Background: During the COVID-19 pandemic, the CoMix study, a longitudinal behavioral survey, was designed to monitor social contacts and public awareness in multiple countries, including Belgium. As a longitudinal survey, it is vulnerable to participants’ “survey fatigue”, which may impact inferences. Methods: A negative binomial generalized additive model for location, scale, and shape (NBI GAMLSS) was adopted to estimate the number of contacts reported between age groups and to deal with under-reporting due to fatigue within the study. The dropout process was analyzed with first-order auto-regressive logistic regression to identify factors that influence dropout. Using the so-called next generation principle, we calculated the effect of under-reporting due to fatigue on estimating the reproduction number.
Results: Fewer contacts were reported as people participated longer in the survey, which suggests under-reporting due to survey fatigue. Participant dropout is significantly affected by household size and age categories, but not significantly affected by the number of contacts reported in any of the two latest waves. This indicates covariate-dependent missing completely at random (MCAR) in the dropout pattern, when missing at random (MAR) is the alternative. However, we cannot rule out more complex mechanisms such as missing not at random (MNAR). Moreover, under-reporting due to fatigue is found to be consistent over time and implies a 15-30% reduction in both the number of contacts and the reproduction number (R0) ratio between correcting and not correcting for under-reporting. Lastly, we found that correcting for fatigue did not change the pattern of relative incidence between age groups also when considering age-specific heterogeneity in susceptibility and infectivity.

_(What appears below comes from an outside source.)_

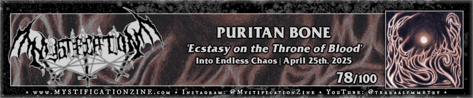 Defying the hard-cut shapes of obsessive technique in favor of long-arc’d threads of slow-burning fume Nijmegen, Netherlands-based atmospheric black metal duo PURITAN BONE offer an experience of patiently scarring strum via their debut full-length album ‘Ecstasy on the Frontier of Blood‘. There are feral voices and even some folken ebb to these longer, droning pieces but in general the ear will swap between carefully climbing strands of distant riffcraft and treading water in the dark. A more recent concoct from T. (Furia, Nusquama) and Lethargor of Nacior Udun these songs reflect both the evolution of scenery and their own inner-channeled exploration where repetitious and easily pouring atmospheric black metal find a flow-state and wisely choose to ride the waves ’til sated. Though I’d found this release maddening in its slow-waltzing, surprisingly un-gilded forms to start it’d eventually grow on me within a disconnected state of mind. It isn’t the type of album one’d get hyped out their skull for but rather one that slowly peels away the impatient mind’s defenses and (in my case) captivates.
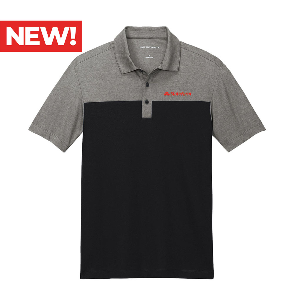 This grey/black polo is embroidered with State Farm logo on the left chest above seam.

Conclusions: CoMix data highlights the variability of contact patterns across age groups and time, revealing the mechanisms governing the spread/transmission of COVID-19/airborne diseases in the population. Although such longitudinal contact surveys are prone to bias, participant fatigue, and drop-out, we showed that these factors can be identified and corrected using NBI GAMLSS. This information can be used to improve the design of similar, future surveys.